Beckett was born in New York on February 7, 1886. Her parents were Charles Henry Beckett, originally from Williamstown, Vermont, and Estelle Josephine Newman of Watkins, New York. She was left with a large fortune following her father's death on November 29, 1917. She was Charles and Estelle's only child in 1917. In the 1920s, she was the president and a director of the Beckett Water Supply Company. Estelle Beckett was vice-president and a director.
She exhibited a number of paintings at the Annual Philadelphia Water Color Exhibition in 1908. In 1908, Beckett traveled to Paris with Katharine Rhoades and Malvina Hoffman and studied in France for two years. Rhoades had been her friend since 1904 when Rhoades made her debut in New York City.
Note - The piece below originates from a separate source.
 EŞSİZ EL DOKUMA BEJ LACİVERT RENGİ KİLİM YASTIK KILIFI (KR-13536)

The family was on the Social Register in New York.
A member of Alfred Stieglitz’s artistic circle in New York City, Beckett was known primarily as a portrait painter. Her Portrait of Mrs. Charles H. Beckett and Portrait of Mrs. Eduard J. Steichen were exhibited in the 1913 Armory Show. In 1915, Beckett and Rhodes had a joint exhibition at Stieglitz’s 291 Gallery. Prior to that, the only works of a female non-photographer that Stieglitz exhibited were that of Pamela Colman Smith in 1907. Marion Beckett and her friends Katharine Rhoades and Agnes Ernst Meyer were known as the "Three Graces" of 291, an accolade bestowed by Charles Lang Freer. Agnes Ernst Meyer described Marion as one of "the most beautiful young women that ever walked this earth". She was also described as shy and reserved.
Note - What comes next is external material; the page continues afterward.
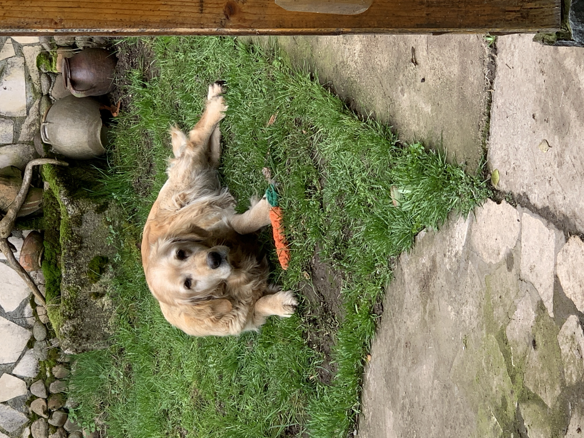 A medium-sized, light-golden retriever lies on its side in the grass. A soft toy, resembling a carrot, lies next to it. The dog has soft brown eyes and appears relaxed. To the left of the dog is a stone structure with a few clay pots. To the right of the dog is a concrete pavement. The scene is a garden, near Lehchevo, Bulgaria. A wooden frame is seen at the top of the image.
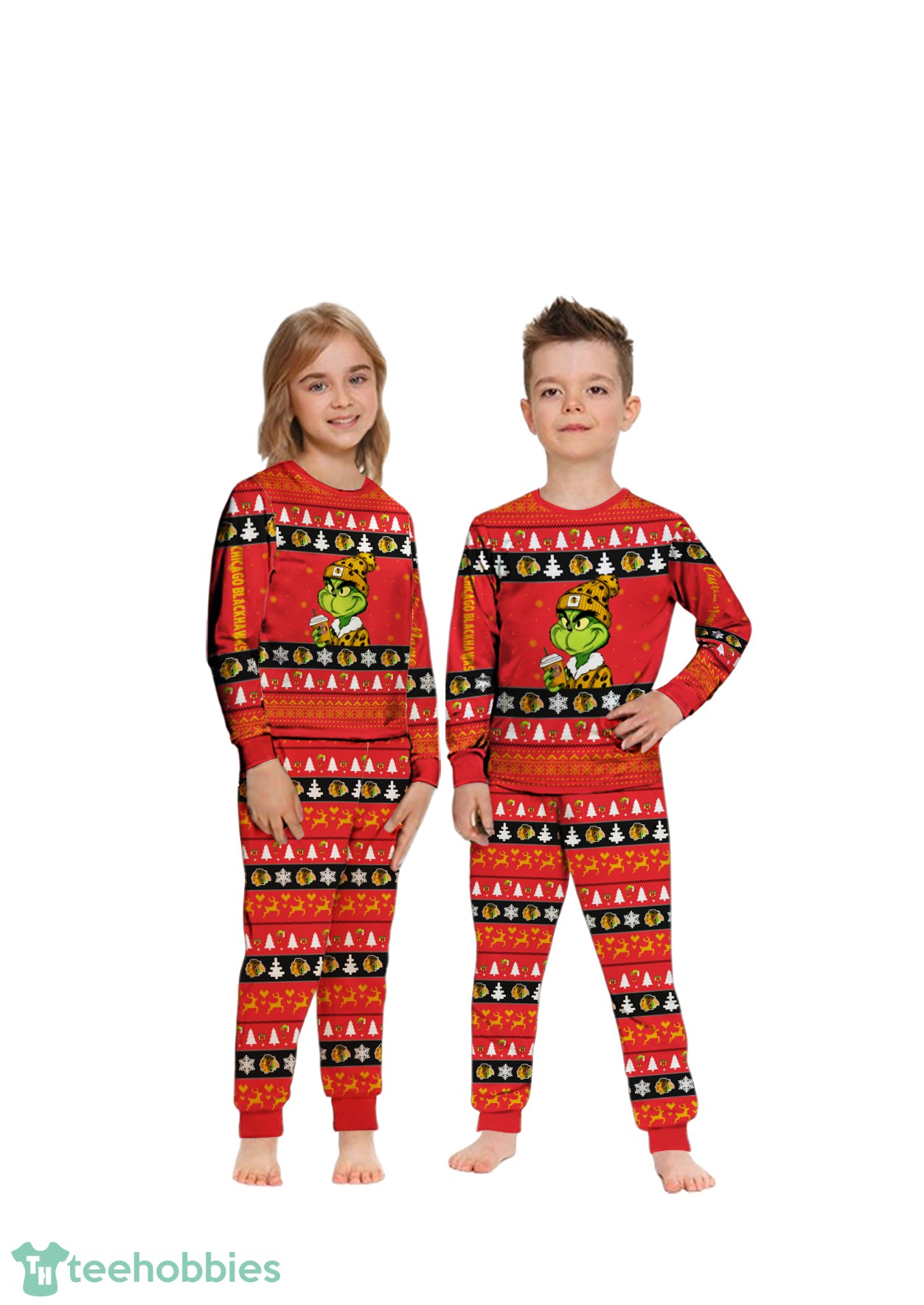 NHL Grinch Chicago Blackhawks Custom Name Christmas Knitting Pattern Matching Family Pajamas Set

Portrait of Georgia O'Keeffe
Portrait of Theresa Helburn
Portrait of Katharine Rhoades
In January 1917, Beckett presented a show of portraits at Marius de Zayas's Modern Gallery. Among the portraits were one that she made of herself, one of her father, Alfred Stieglitz, and Eugene Meyer. A Beckett portrait of Georgia O'Keeffe, made in 1916, was chosen to illustrate a Vanity Fair article in 1922 and a New York Sun article about O'Keeffe's work in 1923. It was also the lead portrait of Beckett's show, which also included a portrait of Katharine Rhoades, in New York at Montross Gallery in January 1925.
Beckett often traveled to Voulangis, France with Agnes Meyer and Katharine Rhoades to visit artist Edward Steichen and his wife and paint portraits. She was the sole guest at their house at the beginning of World War I in 1914, when Germans soldiers were advancing towards the town. They were able to evacuate two days before the Germans arrived at the Steichen's house. In 1917, she worked as a canteen worker for the Red Cross in France, and it was during this time period that she is believed to have begun an affair with Steichen.
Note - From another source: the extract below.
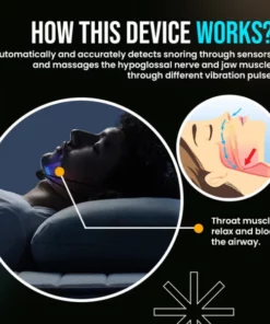 - Sends a vibration through your jaw to stop snoring, enabling a peaceful night’s sleep

By 1919, Beckett established a studio in the Latin Quarter of Paris, where she entertained Steichen. They were believed to have traveled together from France to New York and Vermont, where her mother lived. In 1919, Clara Steichen sued Marion Beckett for $200,000 damages for "Alienation of affections", claiming that Marion had followed her husband to France and had an affair. Clara was unable to prove her claims. It was reported that Beckett had a ten-year affair with Steichen, until about 1926 when she stopped painting.
By 1926, she had an adopted son and daughter. She spent the summers in a house in Williamstown, Vermont and was living in New York City in 1930. Fifteen of her paintings were stored by family members until 1997, including the portraits of O'Keeffe and Agnes Meyers.